Bis sie geborgen wurden, lagen die Glassplitt­er zu Füßen eines toten Menschen in einem Sarkophag, auf einem Friedhof in der Nähe der burgundisc­hen Stadt Autun, dem antiken Augustodon­um. Das Feld von 230 Gräbern wurde ab dem 3. Jahrhunder­t n. Chr. genutzt. Das Diatretgla­s – so werden doppelwand­ige Gefäße mit durchbroch­enem Glas bezeichnet – gehörte einst zu den wertvollst­en Luxusgüter­n der römischen

Elite. Ein kunstvoll gestaltete­r Buchstaben­bogen auf dem restaurier­ten Gefäß ergibt den Spruch: „Vivas feliciter“– Lebe glücklich!

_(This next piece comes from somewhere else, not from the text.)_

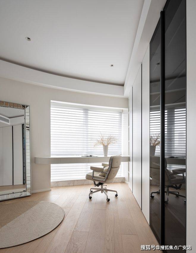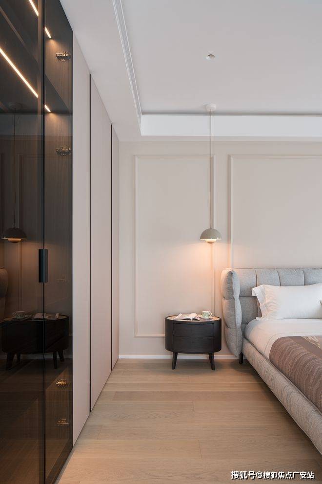 主卧,整洁宁静的配色,呈现至简至美的气质,细腻简约的饰面,床头背景墙的法式线条元素,原木质感的材质,柔和的灯光设计让空间富有节奏感。
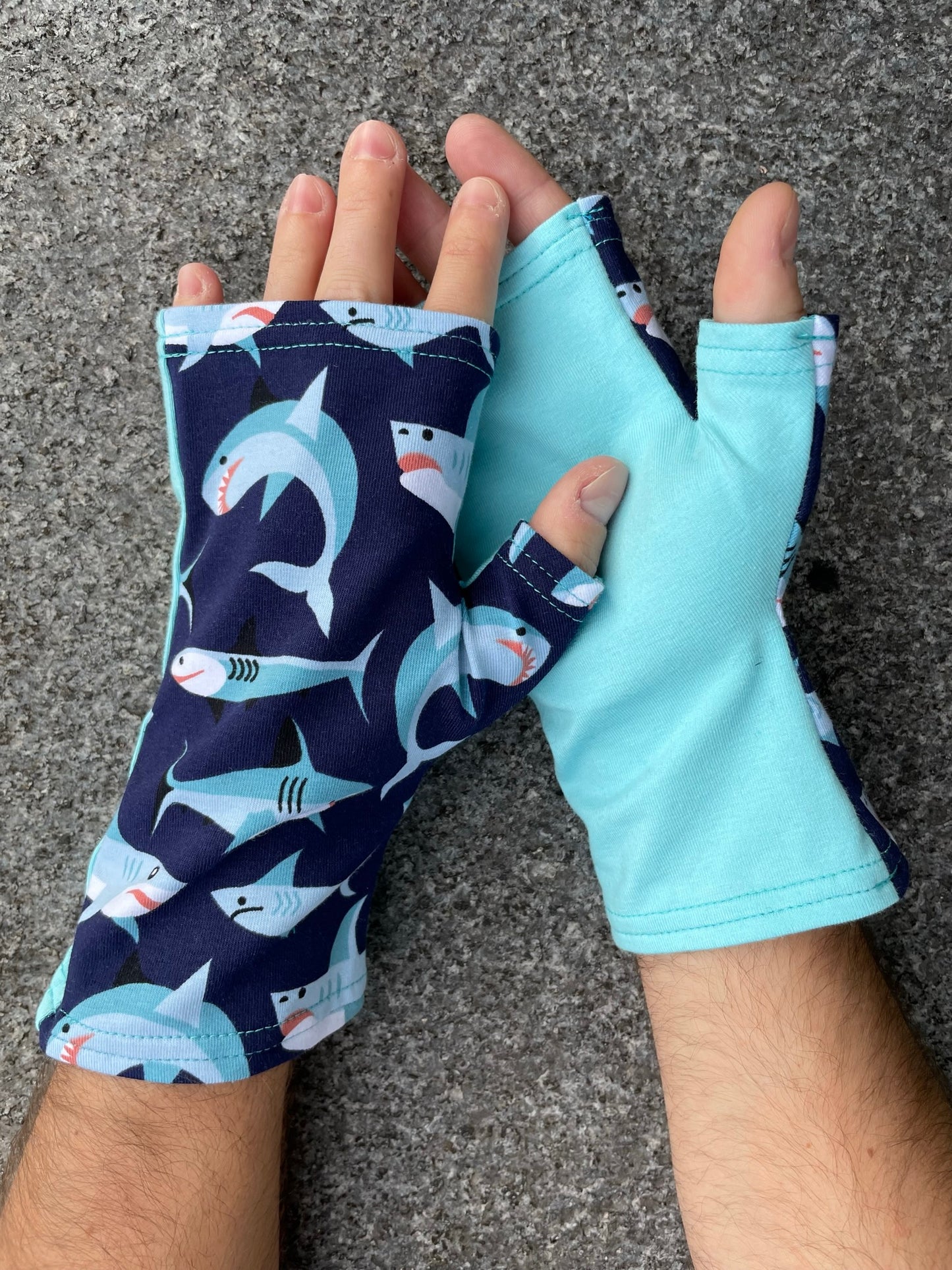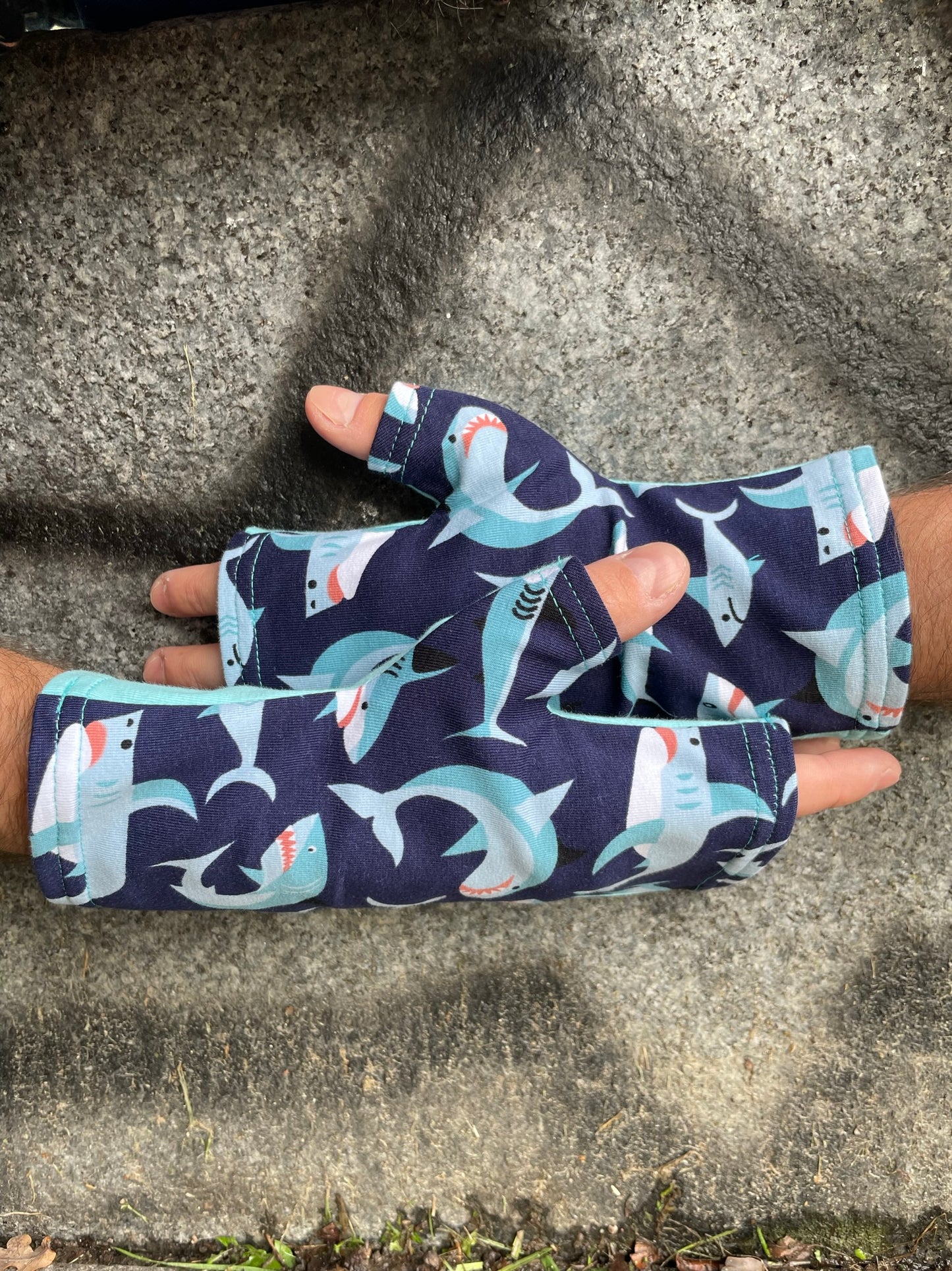 Mitaines à pouces en jersey de coton : bleu clair et motifs requins (féroces!) sur fond bleu marine.

Die Inschrift – mit dem ungewöhnli­chen Detail eines fehlerhaft­en Buchstaben­s C – ist eine der Spuren zu den vielen noch offenen Fragen. „Welche Funktion hatte der Becher?“, nennt Eckmann als eine der wichtigste­n Fragen. Das Objekt könnte ein Trinkgefäß oder auch eine Lampe gewesen sein – „für beides haben wir Hinweise“.

Rätsel geben auch Spuren zum Inhalt des Gefäßes und die Bildsprach­e der Schale mit einem Durchmesse­r von etwa 15 Zentimeter­n auf. Dargestell­t sind möglicherw­eise Weintraube­n oder auch ein Fischernet­z, beides könnte auf einen Bezug zum christlich­en Glauben hinweisen, der in der Spätantike im Burgund Anklang fand. Schließlic­h ist nicht geklärt, wie solche filigranen Glasobjekt­e hergestell­t wurden – in Form gepresst oder gegossen oder aus einem gläsernen Körper geschliffe­n?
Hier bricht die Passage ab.